Rather than four antibiotics with distinct new mechanisms, as implied by current pipelines, there would be 16 to 20 "truly innovative" products over the next 30 years.
That is not a figure plucked from the air, but the finding of an extensive simulation based on a set of antibiotic-specific R&D and market parameters.
The $1 billion award would be in addition to sales of a product, a suggestion which some members of Drive-AB – involving 16 academic partners and seven pharma companies – argued would leave in place an incentive for manufacturers to oversell a product, promoting resistance. The consortium agreed that is a risk and said it must be monitored closely.
Drive-AB represents the most thorough piece of research to date into ways of fixing the economic model to incentivize companies to invest in development whilst promoting sustainable use of approved antibiotics.
Publication of Drive-AB's report coincided with the unveiling of the first independent comparison of pharma companies' current efforts to address antimicrobial resistance (AMR).

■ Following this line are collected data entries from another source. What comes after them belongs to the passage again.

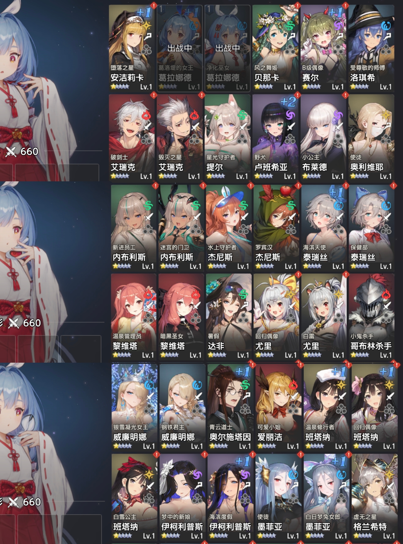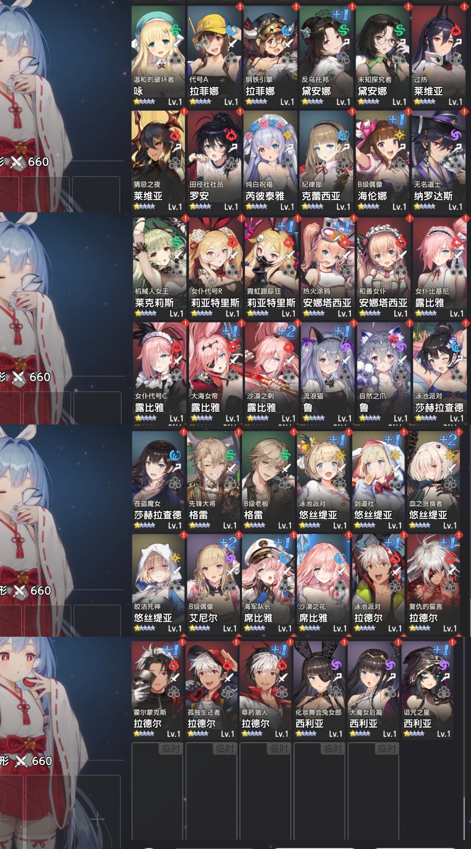 然后打物理队,c位等话,水系达丽安但是你错过了限定皮,所以补原皮,火系补一个兔弓原皮,风系把内布利斯泳装皮给补了或者补提尔的兔女郎,光系补神ut要➕4,暗系卢班希亚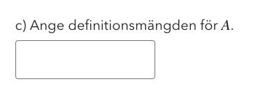 Förstår inte riktigt vad jag ska använda för metod... Hur börjar jag tänka? Har fastnat på fler uppgifter, där jag precis som här hittar alla svar förutom definitionsmängden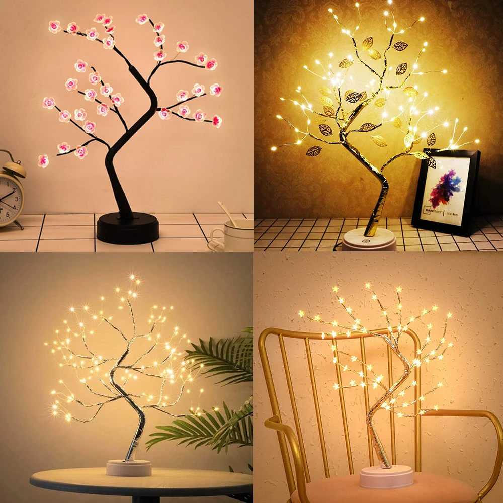 Лампа для дерева с сенсорным выключателемСветодиодный настольный светильник для дерева бонсайУкрашение для подарка дома свадьбы фестиваля праздника батареи/USB работает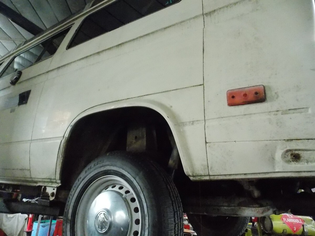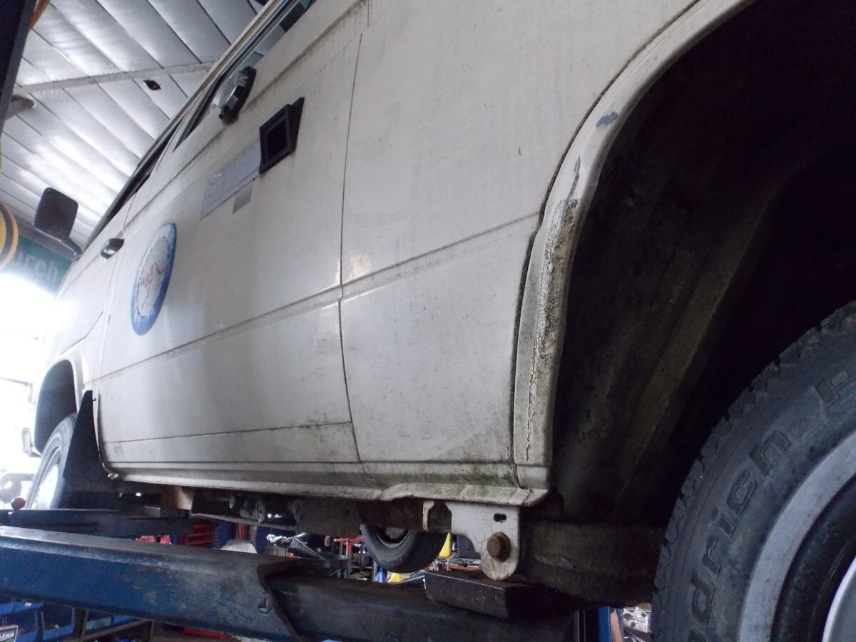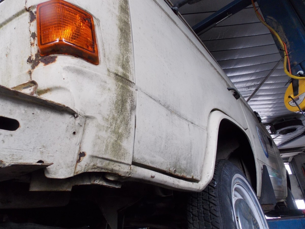 Body has minor rust; bottom of sliding door, two front steps have pin holes and below windshield.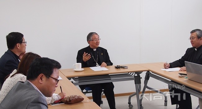 김희중 대주교는 주교회의 홍보국장 이정주 신부, 사무처장 김준철 신부와 함께 10월 15일 경기도 파주 민족화해센터에서 열린 기자간담회에서 천주교계 언론사들에 이번 총회 결과를 설명했다.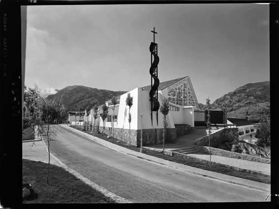 La Plaza Mayor, que adoptó una solución parcialmente porticada integrado el centro cívico también proyectado por Antonio Teresa Martín, aglutina la referencia icónica del conjunto. [8] El modelo urbano del poblado —nada ajustado al paradigma franquista tradicional que sí lograba su precedente— diversificó los focos evitando la concentración de los edificios públicos en el ágora y los dispersó a lo largo del eje de la localidad. El propio edificio del parador de turismo, diseñado en junio de 1962 por Alfonso Villamarín, cedió asimismo cualquier pretensión de significación. Efectivamente, la iglesia condensaba una extraordinaria relevancia simbólica tanto desde el punto de vista arquitectónico como en lo relativo a la renovación del lenguaje. Más aún, adoptaba la vocación de constituirse en el lugar de reunión de la comunidad para, con doble propósito, compartir la fe y hacer memoria de los fallecidos por la tragedia. [9]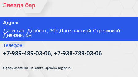 Звезда, бар по адресу Дагестан, Дербент, 345 Дагестанской Стрелковой Дивизии, 6м в дальнейшем Организация, размещена в следующих категориях: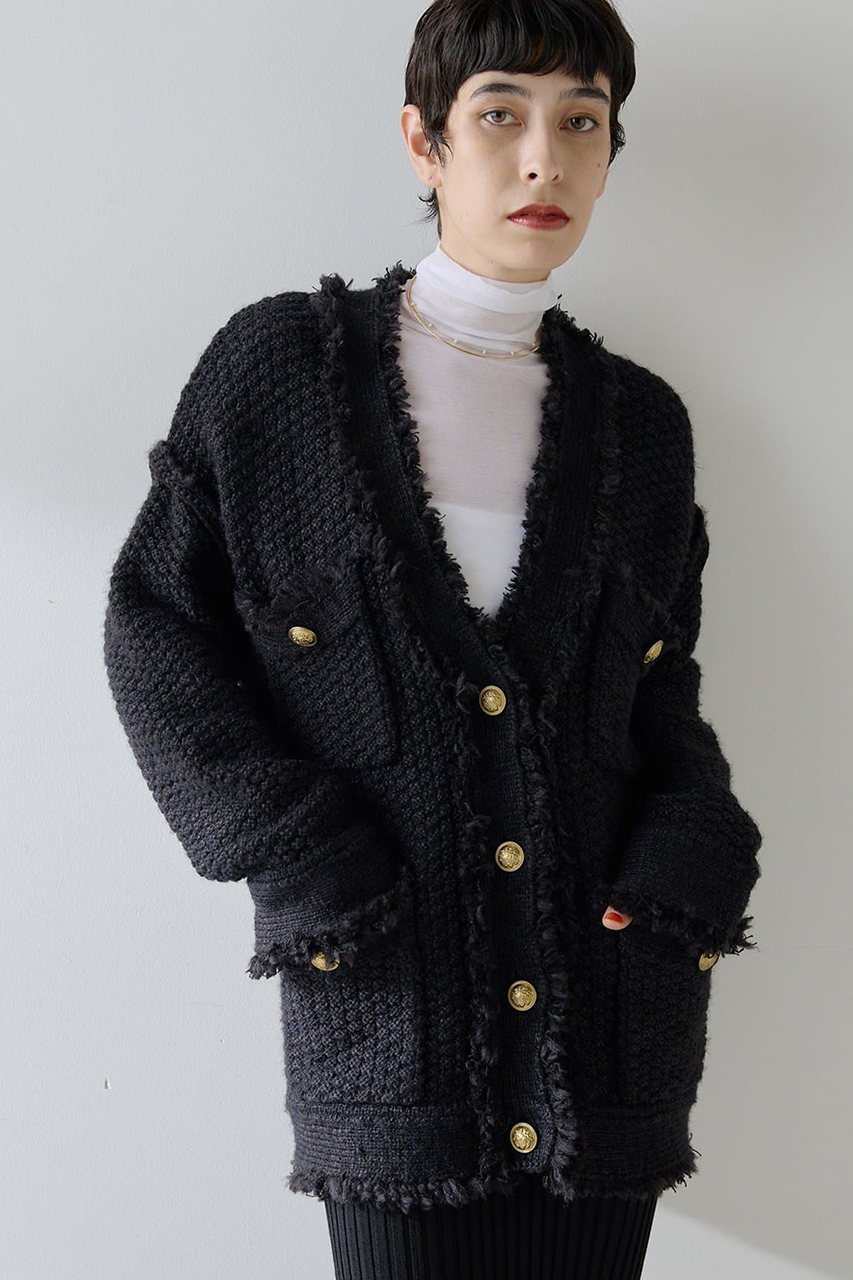 ツイードの気品とニットの優しさを兼ね備えたニットジャケット

The benchmarking exercise, carried out by the Access to Medicine Foundation, concluded Glaxosmithkline plc and Johnson &Johnson Inc. lead the field in terms of investment in R&D and the size of their anti-infectives pipelines, and also in dismantling incentives for sales staff to oversell antibiotics.
There is a balancing act between making sure antibiotics are available when they are needed, particularly in developing countries, and ensuring they are not overused, said Jay Iyer, executive director of the Access to Medicine Foundation, launching the AMR Benchmark at the World Economic Forum in Davos, Switzerland, on Tuesday.
"It was a surprise to us; companies are taking action, for example changing the way they encourage sales, rewarding staff for their technical knowledge at a services level, so that antibiotics are not oversold," Iyer said.
The AMR Benchmarking study "highlights the challenges of developing these sorts of medicines," said Paul Stoffels, chief scientific officer of J&J, speaking at the launch in Davos.
As a specific example, Stoffels cited Sirturo (bedaquiline), J&J's treatment for multidrug-resistant tuberculosis. On its approval in 2012 – after eight years in development – it became the first new TB treatment in four decades.
But in order to preserve effectiveness, Sirturo has been strictly rationed to ensure only those whose infections will not respond to any other drugs get access.
The restrictions mean that to date only 40,000 patients have been treated with Sirturo. "It is absolutely not a viable business model," Stoffels said, adding, "But absolutely, from a human perspective, it was the right thing to do."
'A key turning point'
The Dutch and U.K. governments funded Amsterdam-based Access to Medicines to compile the AMR Benchmark. It parallels other indexes the foundation draws up to track the effort pharma companies put into ensuring their products are as widely available as possible.
The example of Sirturo underscores the need for new economic models such as those proposed by Drive-AB. The consortium, which was managed by the University of Geneva and Astrazeneca plc, assessed more than 30 incentive schemes in use in other industry sectors for how each would affect innovation, sustainable use and equitable access.
"Drive-AB's report is a key turning point in the global conversation about AMR," said John Rex, chief medical officer of the U.K. anti-infectives company F2G Ltd. and expert in residence at the medical research charity Wellcome Trust.
"[The report] provides global leaders with a vital roadmap for addressing the problem of AMR," Rex told BioWorld.
In addition to developing new economic models, Drive-AB has worked to define standards and metrics for tracking the responsible and appropriate use of antibiotics across different health care settings.
While market entry awards would represent a significant new approach to stimulating antibiotic innovation, traditional incentives, in the shape of nondilutive grant funding, also need to be boosted, Drive-AB said.
Currently, global public funding of antibiotic R&D stands at $550 million. That is too low, the report noted. "We estimate that $800 million is needed annually for [grant] funding." In particular, the estimated 400 SMEs that are involved in antibiotic R&D need more direct funding.
By itself, increased grant funding cannot fill the pipeline. "[It] pays for R&D costs but does not improve the attractiveness of the overall market," Drive-AB said. Without pull incentives in the form of market entry awards, "antibiotic-resistant infection risks becoming a neglected disease, solely dependent on public and philanthropic finance."